До свидания, мальчики!, стр. 27

– Хотелось сегодня пообедать вместе с тобой, – сказала она. – Но не выходит: в три часа у меня бюро.

Мама говорила, как будто извинялась передо мной. А я с легким сердцем сказал:

– Ничего, пообедаем в другой раз, – и про себя подумал: «Только обеда мне сейчас не хватало». Я оглядывал себя в новой рубашке и представлял, как буду выглядеть в новых туфлях и суконных брюках, которые прислал Сережа. И еще я думал, что минут через десять увижу Инку.

Сейчас мне за сорок. У меня седые волосы и больное сердце. С моей болезнью люди не живут больше десяти лет. От меня это скрывают, но я все знаю. По ночам я слышу, как спотыкается сердце. Когда-нибудь, споткнувшись, оно остановится навсегда. Никто не может сказать, когда это случится: завтра, через год или через десять лет. Не стоит думать о неизбежном. Но когда подходишь к обрыву в черную пустоту, невольно оглядываешься назад. Кем я был? Эгоистом? Юнцом, не способным глубоко задуматься и чувствовать? Наверное, все это было. Я жил в городе, где много солнца над вечно изменчивой морской равниной. Рядом жили Инка и мои друзья. Я был уверен, что для меня уготованы все радости жизни: ради моего счастья мама отбывала ссылку, а Сережа убивал и был сам дважды ранен в гражданскую войну.

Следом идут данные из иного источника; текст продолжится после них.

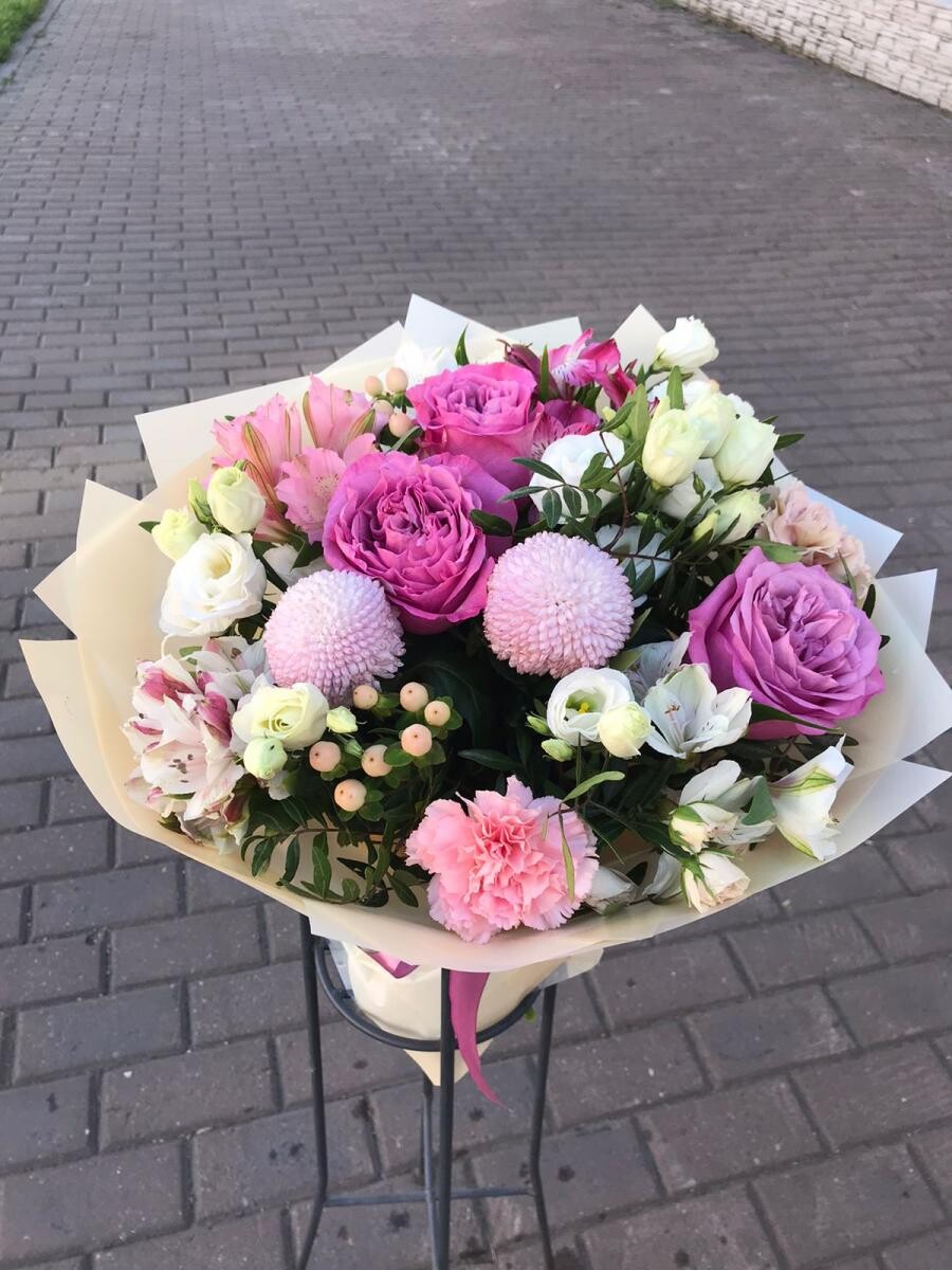 Букет может быть уменьшен, но с сохранением цветовой гаммы букета. Цена будет соответственно ниже.

Я любил и часто повторял ленинские слова: коммунистом стать можно лишь тогда, когда обогатишь память всеми знаниями, которые выработало человечество. Я был в школе и везде, где учился потом, круглым отличником. И мне казалось, что этого вполне достаточно, что все остальное придет постепенно само собой, главное – быть отличником. Но теперь, наедине с собой, в долгие бессонные ночи, я понимаю, что знал очень мало. Я знал наизусть все ошибки Гегеля и Канта, не прочитав ни одного из них.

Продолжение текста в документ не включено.